Esta característica de la pedagogía de Dios procede precisamente del mismo ser de Dios, que es
amor y gratuidad. En la historia de la salvación Dios siempre toma la iniciativa. Como primer
don concede al hombre la posibilidad de la existencia, para luego acercarse a él e invitarle a
participar de su historia y de su vida. Así, la salvación es un don de su gracia y amor aún más
grande que el don creatural.
Dios busca que el ser humano se salve y se realice, sea feliz, y alcance la madurez. Ya en el
Antiguo Testamento se fue revelando paulatinamente y dando a conocer su plan de salvación a
Israel a través de palabras y acciones. Dios no se rinde, insiste y sigue interpelando, aunque la
respuesta se retrase o sea muy lenta.
Como hemos señalado, DV 2 afirma que Dios al revelarse habla a los hombres como amigos y
los invita a su compañía. De este modo abre el camino del diálogo, favoreciendo el encuentro
interpersonal y la comunión de vida. Al dialogar con ellos, los interpela para que libremente
entren en comunión con Él y se abran a la salvación. De esta manera, el ser humano es
reconocido como un ser idóneo para entablar una relación personal con el Señor de la vida 33.
Por eso lo esencial de la revelación, más que manifestar un cúmulo de verdades y doctrinas, es
que Dios se da a conocer personalmente.
Dios entra en la historia del hombre, se hace presente al pueblo de Israel a través de los
acontecimientos, camina de la mano y se hace cercano, condescendiente al ser humano, se abaja
y adapta a cada situación histórica. Dios es por naturaleza creador de historia, saliendo de sí
mismo por el Espíritu, mezcla su acción con la de los hombres.
Así pues, la pedagogía divina tiene su lugar en la historia y se concretiza en el acontecimiento de
Jesucristo. En Él no solo se patentiza la dimensión histórica de la revelación, sino que además se
hace manifiesto el dominio de Dios sobre la misma historia, porque, a pesar de la debilidad
humana, Dios lleva a pleno cumplimiento sus promesas.
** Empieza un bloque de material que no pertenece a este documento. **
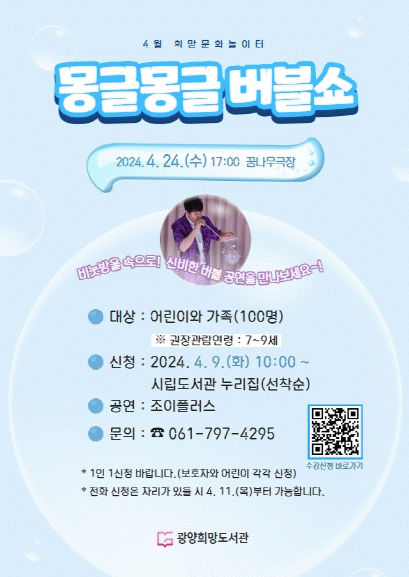 [¹Ìµð¾îÀü³² ÀÓ¼º¿Ï ±âÀÚ]±¤¾çÈñ¸Áµµ¼°üÀÌ ¹®È°¡ ÀÖ´Â ³¯À» ¸Â¾Æ ¿À´Â 24ÀÏ ¿ÀÈÄ 5½Ã ²Þ³ª¹«±ØÀå¿¡¼ ¾î¸°ÀÌ 100¿© ¸íÀ» ´ë»óÀ¸·Î ¡®¸ù±Û¸ù±Û ¹öºí¼î¡¯¸¦ ¿î¿µÇÑ´Ù°í ¹àÇû´Ù. ¹®È°¡ ÀÖ´Â ³¯°ú ¿¬°èÇØ ¿î¿µÇÏ´Â ¡®Èñ¸Á¹®È³îÀÌÅÍ¡¯´Â ¡¦
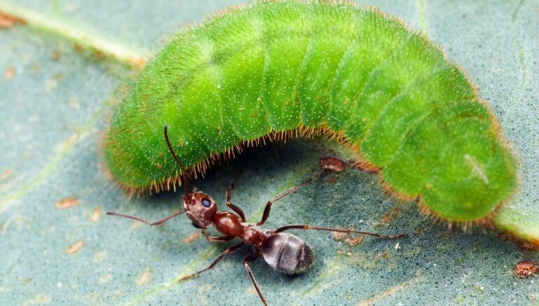 Some insect communication is more friendly. Normally ants eat caterpillars, but some caterpillars have beneficial relationships with ants. The ants protect the caterpillars. In return, the caterpillars make nectar for the ants to eat. These insects communicate in different ways. The caterpillars make sounds that the ants can hear. They release smells that tell the ants not to eat them. This helps the ants recognize which caterpillars produce nectar. Then they protect the caterpillars from being eaten by other ants!
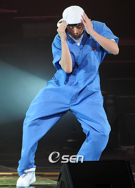 화려하고 파워풀한 안무와 노래실력으로 큰 인기를 얻고 있는 2PM의 첫 팬미팅이 15일 오후 서울 노원구 월계동 광운대학교 문화관 대극장에서 열렸다. 이 자리에는 2PM 팬클럽 '핫티스트(Hottest)' 멤버들을 초청, 다양한 이벤트와 무대를 통해 팬들과 하나되는 시간을 마련했다. 2PM의 우영이 무대 위에서 깜찍한 공연을 선보이고 있다./민경훈 기자 rumi@osen.co.kr
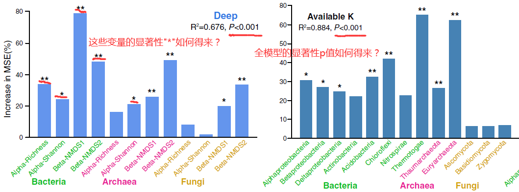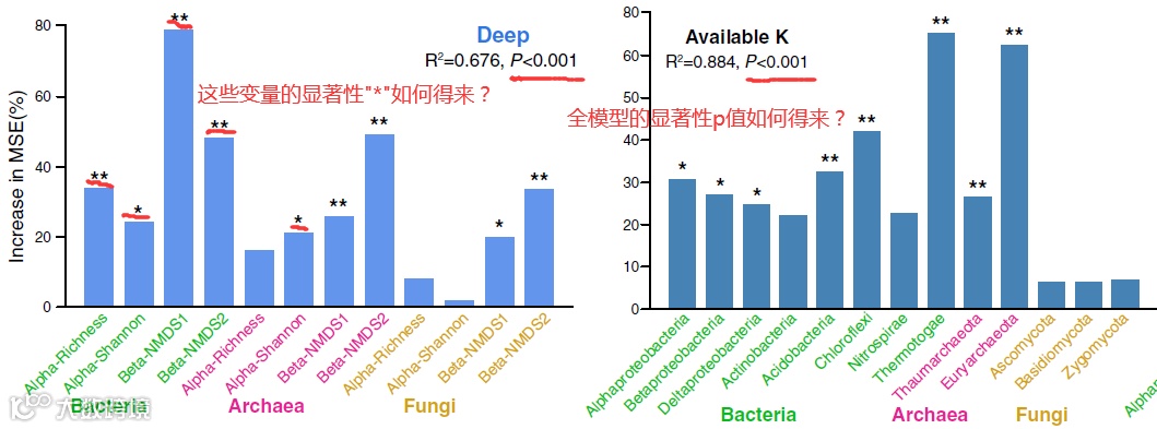 截图来自Jiao等(2018)的图5部分。左图展示了细菌、古细菌和真菌群落的α和β多样性在贡献深层土壤多养分循环指数中的重要性;右图展示了优势微生物分类群与土壤可利用钾的关系。两个图中变量的重要性以随机森林中的“percentage of increase of mean square error”(Increase in MSE(%))值进行衡量,更高的MSE%值意味着更重要的变量,并标识了各变量的显著性。图上方的数值为总方差解释率,以及全模型的显著性p值。
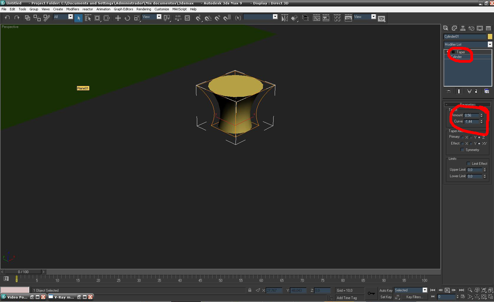 2-. A ese cilindro le aplicamos un modificador taper para que quede de la siguiente forma:
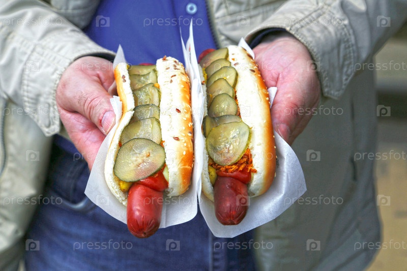 В руках мужчина держит два хот дога. Фастфуд, вкусная еда
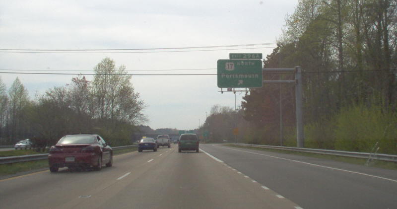 | The end of the I-64/US 17 duplex shown from I-64 Suffolk-bound. This is also the end of US 17 Business for Deep Creek. Photo by Mapmikey, taken April 7, 2006. | |
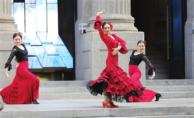 本报讯(记者 张帆 摄影 姚文生)昨天,“邂逅·天津街角系列”之最美街角《弗拉明戈》在和平区泰安道“爱墙”下浪漫绽放。明快的节拍,飞扬的裙摆,热辣的舞姿,自由随性的弗拉明戈舞蹈让市民在落叶纷飞的最美季节中,感受充满异域风情的天津。
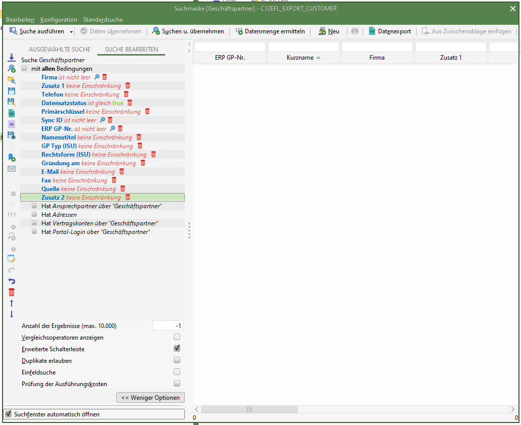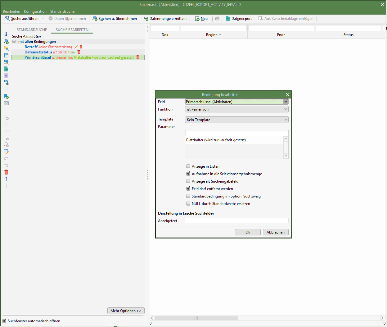- Der Name der Suche muss dem Schema C12EFL_EXPORT_<Hauptentität>_INVALID (z.B. C12EFL_EXPORT_ACTIVITY_INVALID) entsprechen
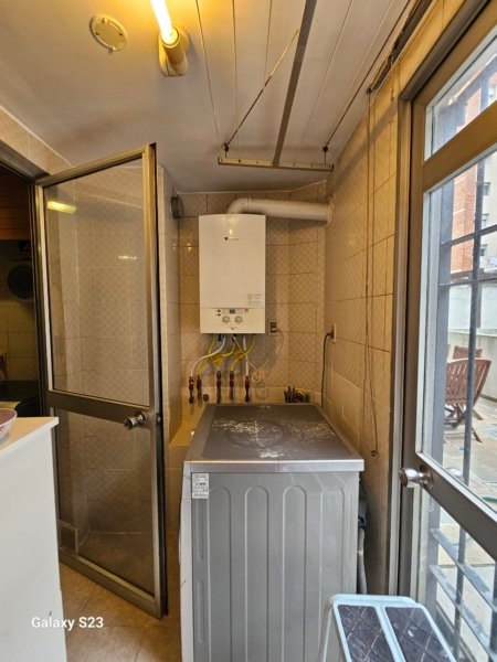 Cocina con iluminación placares en madera en muy buen estado, doble mesada y terraza lavadero con caldereta a gas en el lugar.
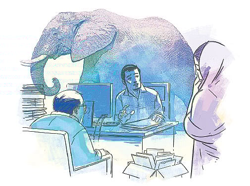 তিনি সামনে তাকালেন। দেয়ালে হাতিটা একই জায়গায় দাঁড়িয়ে আছে। তাঁকে একদৃষ্টে দেখছে।
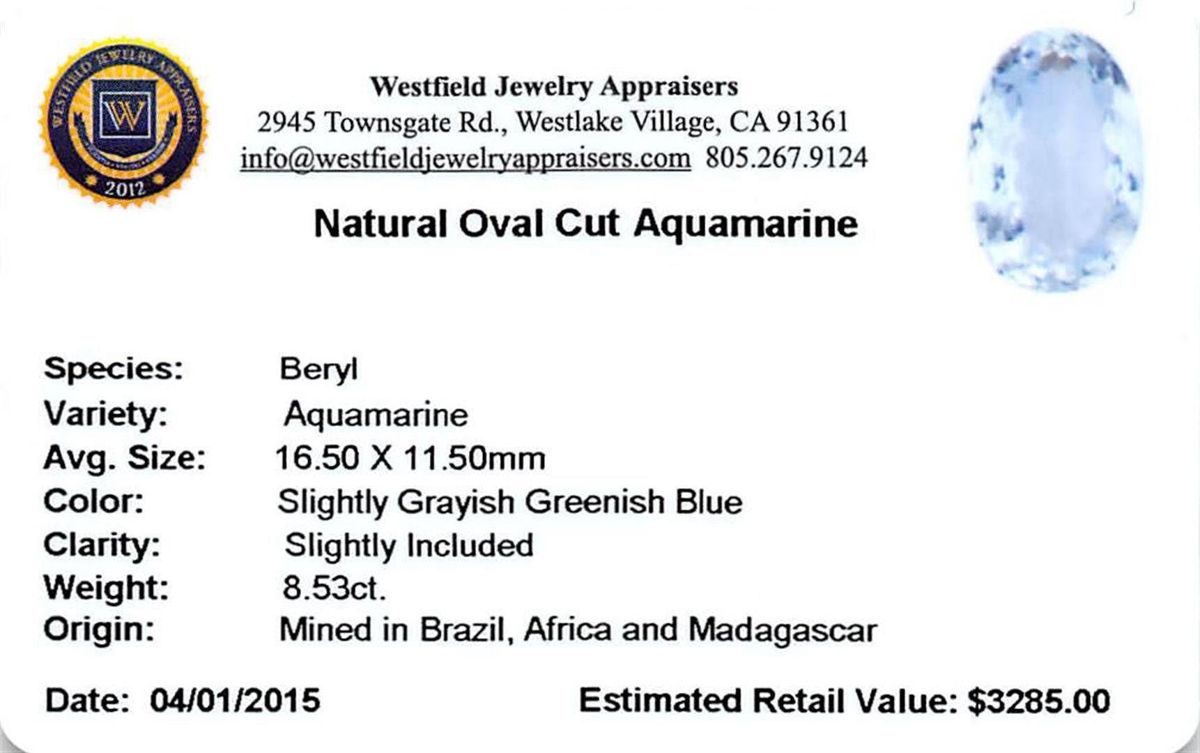 One oval cut natural aquamarine exact weight 8.53ct., clarity is slightly included, type I, medium, slightly grayish, very slightly greenish blue color, (GIA vslgB 5/2), cut is good. Westfield Appraised at $3,285.00.
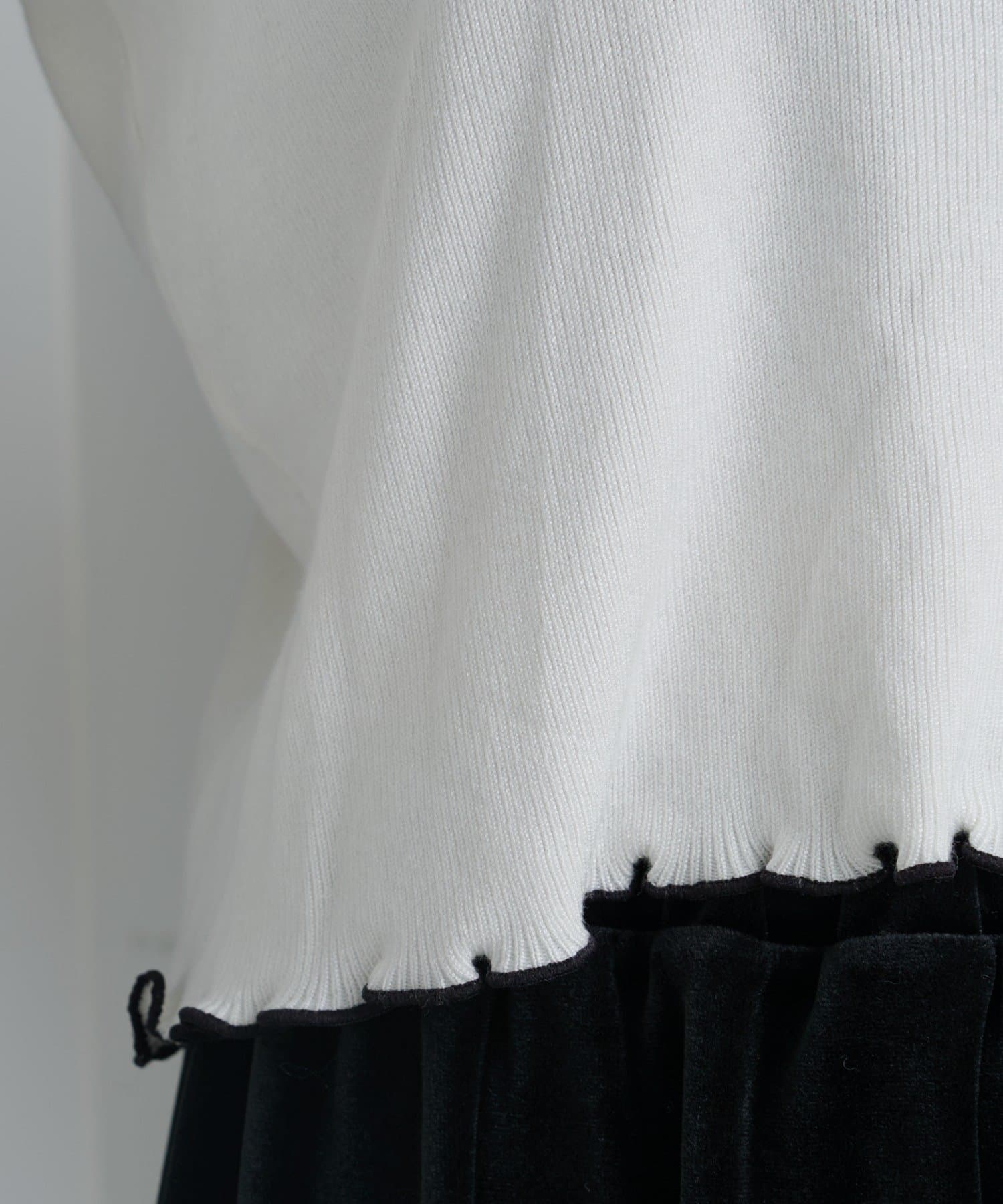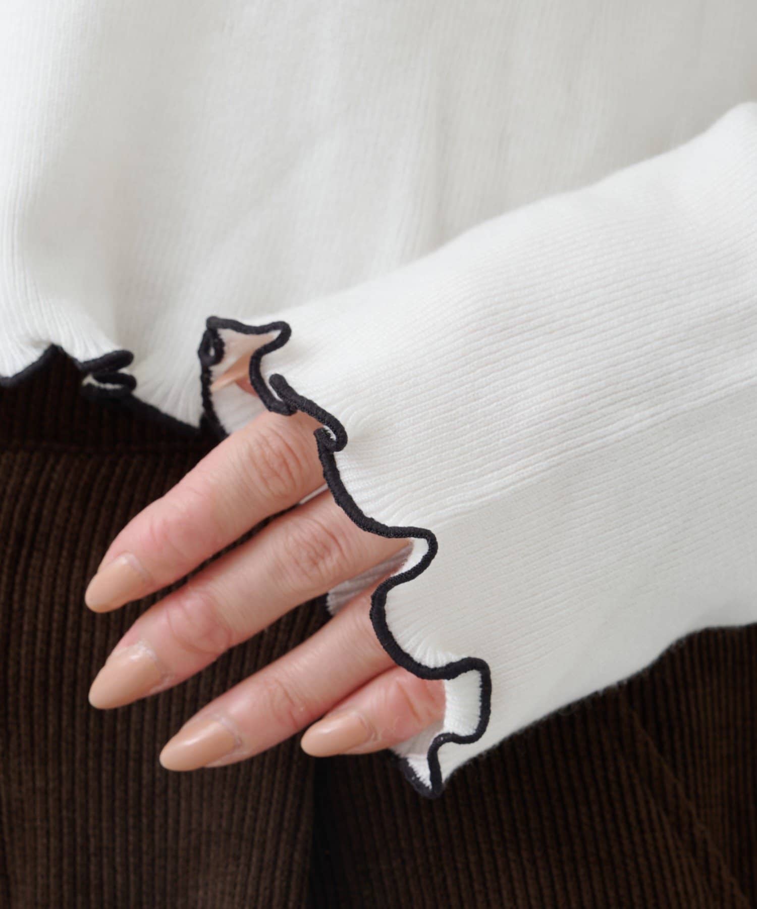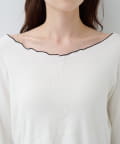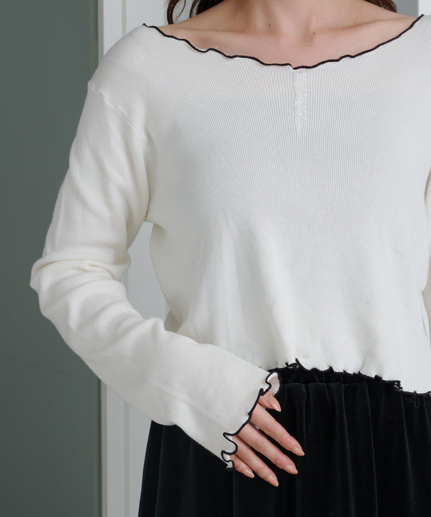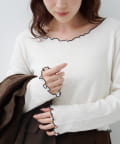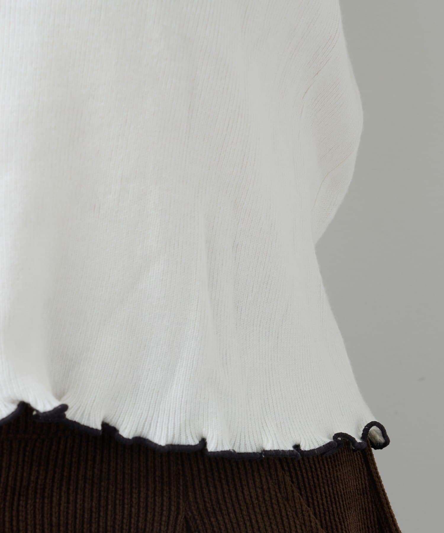 首元と袖口、裾に施されたメロウデザインがフェミニンな印象のニットプルオーバー。
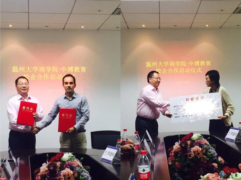 2017年11月8日周三下午13:30温州大学商学院·中博教育校企合作签约仪式在温州大学商学院A222会议室举行。
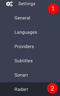 !Settings => Radarr
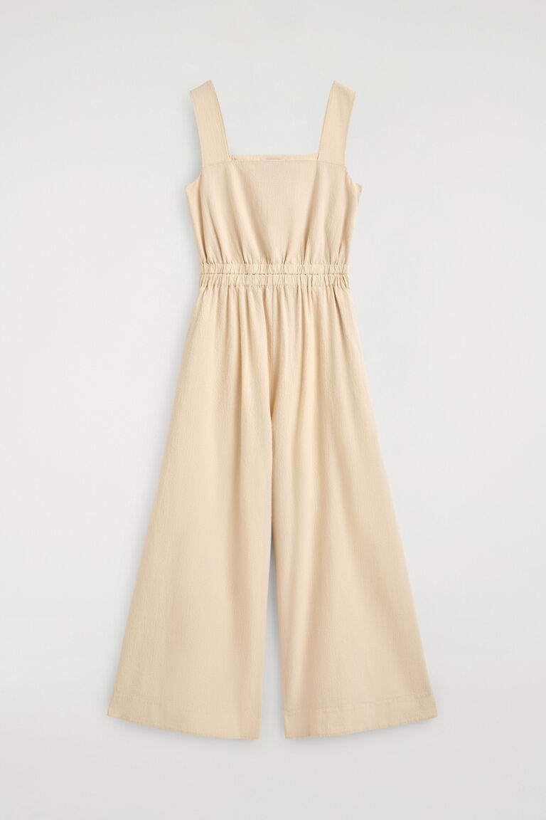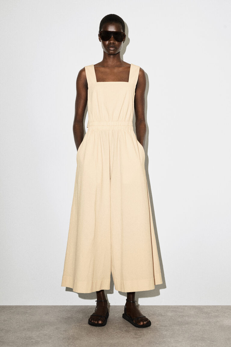 This effortless jumpsuit lends itself to laid-back weekends. Crafted from textured cotton-blend seersucker, it's cut in a voluminous wide-leg shape and has a gathered waist and open back. Style it over a T-shirt for a layered look.
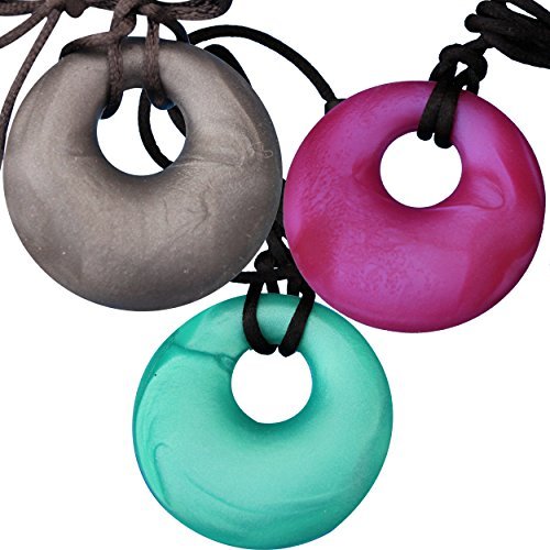 - MyBoo Autism Sensory Chewable Round Pendant - Set of 3, Violet/Turquoise/Black

La pedagogía divina es histórica porque la revelación acontece en la línea del tiempo y el espacio
como hecho histórico, no en un tiempo mítico, ni en el instante intemporal en que el sujeto logra
abstraerse de todo, sino en un tiempo real que hace posible la libertad.
Este plan de la revelación se realiza con hechos y palabras intrínsecamente conexos entre sí, de
forma que las obras realizadas por Dios en la historia de la salvación manifiestan y con- firman
la doctrina y los hechos significados por las palabras, y las palabras, por su parte, proclaman las
obras y esclarecen el misterio contenido en ellas.
Entre ambas existe una dependencia: las obras realizadas por Dios en la historia manifiestan y
refuerzan la doctrina y las realidades significadas por las palabras y las palabras, por su parte,
iluminan el misterio que con- tienen. La revelación es la autocomunicación de Dios que acontece
mediante hechos salvadores y palabras que los interpretan: “acontecimiento y palabra, hecho y
sentido son por tanto indisociables”.
Dios se vale de mediaciones para revelarse. Mediaciones de tipo “personal”, como es el caso de
los profetas, que velan por la fidelidad del pueblo a Yahvé y avistadores de los tiempos
mesiánicos; mediaciones “históricas”, manifestadas en los acontecimientos fundantes de la
historia de Israel; mediaciones “rituales”, a través de las fiestas, las celebraciones, los ritos y ges-
tos litúrgicos, los objetos simbólicos del culto; mediaciones “literarias”, rela- tos religiosos,
alegorías, testimonios personales, poemas, plegarias, etc. A través de estas mediaciones los
israelitas experimentan la cercanía de Dios y su presencia.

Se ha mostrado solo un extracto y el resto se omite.